I have an old analog TV and recently had to replace the digital converter box. The new box makes it more difficult to get many of the TV stations I got in the past. It also has no function to tell how to place the antenna to get the strongest signals and that changes with the weather (in all weather much worse than when it was analog).

I also have a very old antenna for digital TV. When I got my first converter box I tried an amplified antenna and it didn't work - but that was a long time ago.

I was wondering if I would do better with another indoor antenna? If so, any suggestions?

I live at the top of one of the highest hills in Seattle (if zip code helps close to where 98119 turns into 98109 - I think I saw something years ago that mapped out TV strength by zip code); however, in a basement apartment with no windows anywhere I can place the TV antenna. 

Also, this converter box doesn't seem like it will last long and has very few features (like finding strongest signal, adding/deleting channels I want, etc.), so I was wondering if/when I need to replace it - what would be a good replacement (I tried several times and almost out of box all didn't work properly if at all)?

I'm on very limited income so would like to keep expenses to a minimum.

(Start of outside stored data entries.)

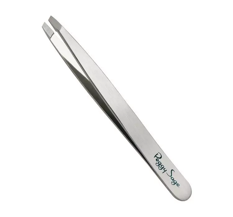 PEGGY SAGE СКОШЕННЫЙ ПИНЦЕТ ДЛЯ БРОВЕЙ СЕРЕБРЯНЫЙ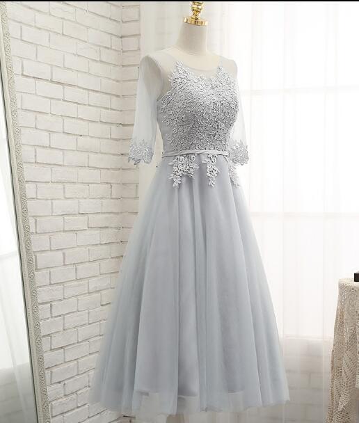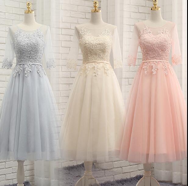Cute Tea Length Tulle and Lace Applique Party Dresses, Short Sleeve Prom Dresses, Prom Dress 2017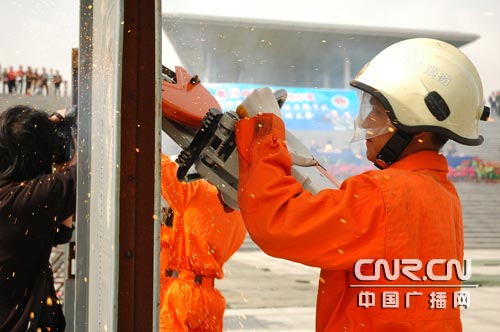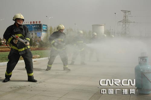 在隨后進(jìn)行的崗位練兵及滅火演習(xí)中,消防官兵表演了佩戴空氣呼吸器、穿著消防戰(zhàn)斗服、氣壓脈沖噴霧水槍滅火、動(dòng)力圓盤鋸和鏈鋸破門、體能訓(xùn)練、油料火撲救等精彩項(xiàng)目,不但贏得了臺(tái)上領(lǐng)導(dǎo)的陣陣掌聲,也使前來觀看的群眾大開眼界。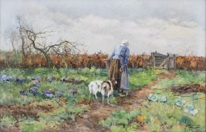 VICTOR WAGEMAEKERS (1876–1953) — Paysanne avec des chèvres dans un champ de chous. — Aquarelle sur papier sur toile. Signée 'V. Wagemaekers'. — Enacdrée. — 640 x 1000 mm (810 x 1150 mm)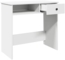 Dieser elegante Schreibtisch in Weiß ist eine praktische und stilvolle Ergänzung für jeden Wohnraum. Mit seinen großzügigen Abmessungen von 80 x 40 x 75 cm bietet er ausreichend Platz für Computer und Schreibutensilien. Der robuste Holzwerkstoff sorgt für Langlebigkeit und eine pflegeleichte Oberfläche, die sich leicht reinigen lässt. Ideal für Arbeitszimmer, Schlafzimmer, Wohnzimmer oder Büro.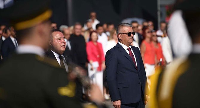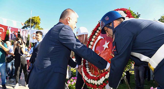 Antalya - 30 Ağustos Zafer Bayramı’nın 100’üncü yıl dönümü tüm yurtta olduğu gibi Antalya'da da coşkuyla kutlandı. Büyük Zafer'in 100'üncü yılı kutlamaları kapsamında ilk tören Vali Ersin Yazıcı’nın Cumhuriyet Meydanı'ndaki Ulusal Yükseliş Anıtı’na çelenk sunumuyla başladı.

I've included pictures of my TV and antenna.

Thank you.


----------



## Corday (Mar 3, 2010)

You want a multi-directional antenna. Sometimes amplification makes things worse. Digital Stream and Magnavox both make converter boxes that show signal strength. It takes 10-20 seconds to adjust to a change of channels so don't accept an immediate number.


----------



## tierra (Nov 6, 2007)

Thank you - Corday!

Any model in particular of antenna, other than multi-directional and non-amplified?


----------



## Corday (Mar 3, 2010)

Channel Master specializes in free TV stuff. If you can get someone live, they might have an answer for your basement situation.


----------



## tierra (Nov 6, 2007)

Thank you - Corday!


----------



## kendallt (Feb 21, 2007)

my '*******' solution for TV was a length of network coax about 40 feet long, cut on fitting off, then measure down 8 feet and strip off insulation without cutting braid. Then loosen the braid and pull the center conductor (with it's insulation) out so you end up with a Y. Tack or tape to ceiling or rafters in a Z shape, (uncut coax at center of diagonal) You end up with a 16ft center fed bent dipole which works well for receiving most frequencies.


----------



## tierra (Nov 6, 2007)

Thank you - kendallt! 

I did order an antenna from Channel Master and if it doesn't work I'll try that.


----------



## tierra (Nov 6, 2007)

Thank you - everyone!

Corday - today I got the channel master antenna and_ it works so much better!_ Haven't had this good of reception since analog TV. I'm getting 33 channels very well and expect next summer when the weather changes to get around 40 stations. I'm very pleased with this antenna and was super inexpensive and the people were very nice when answering my questions and placing the order.

In case anyone is wondering the antenna was cheaper than buying 40 feet of coax.


----------



## ebackhus (Apr 21, 2005)

Where I live most of the TV stations are clustered in a place called "Antenna Hill" about 30 miles East of where I live. I've tried multiple antennas with almost no luck. Eventually we just got cable. I have hundreds of feet of Coax so I might give Kendallt's idea a shot.


----------